O serviço começou pela Rua Miguel Jefinny, no Guajuviras. Um dos buracos apontados pela reportagem, o da Rua Monte Caseros, no Mathias Velho, também recebeu o asfalto frio ainda na quarta-feira.
De acordo com o secretário Guido Bamberg, a ação é emergencial enquanto o edital segue em andamento. “Na primeira semana de junho devemos ter um novo contrato para tapa-buracos com asfalto quente, para, aí sim, trabalharmos na repavimentação de ruas com problemas maiores”, ressalta.
Licitação aberta
Os buracos nas ruas de Canoas já são problemas apontados pela população e de conhecimento da Administração municipal há um bom tempo. Por isso, um edital foi publicado um ano atrás, buscando solucionar questão.

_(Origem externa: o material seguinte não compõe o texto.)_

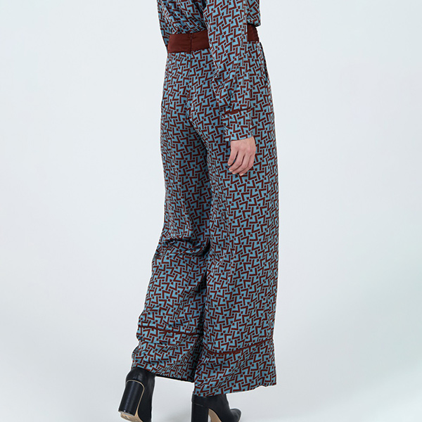 Este pantalón fabricado en tejido satinado con estampado abstracto en color marrón sobre fondo azules sin duda uno de nuestros favoritos de la temporada. Cinturilla en contraste con jaretas. Bajo con vivo en relieve en el contraste. Corte recto y cierre con cremallera oculta en la parte trasera. Puedes completar este pantalón con la blusa del mismo estampado.

No entanto, de lá pra cá, nenhuma empresa se firmou na prestação desse serviço. Atualmente, a terceira classificada no pregão está sendo analisada. “O processo de contratação está em fase de habilitação de licitante”, disse a Secretaria de Obras em nota enviada nesta quarta-feira.
Os trabalhos começaram com a FBF Construções ainda em julho de 2025. No entanto, a empresa alegou atraso nos pagamentos, enquanto que a Prefeitura reclamou do descumprimento e atraso nos cronogramas de serviço. Assim, o contrato foi rescindido oficialmente em fevereiro.
A segunda empresa, Era Técnica Engenharia, Construções e Serviços assinou em abril, mas não começou a execução. A contratada pediu reajuste no valor do contrato em razão do preço do petróleo. O argumento não foi aceito pela Prefeitura, baseando-se na tabela da Petrobras.
Como a empresa afirmou não conseguir executar o contrato sem o ajuste no valor, a parceria foi desfeita na semana passada. Por isso, a terceira classificada no pregão, a R. Schaeffer Construções está em processo de análise pela Secretaria de Obras. Não há previsão de assinatura do contrato e início dos serviços.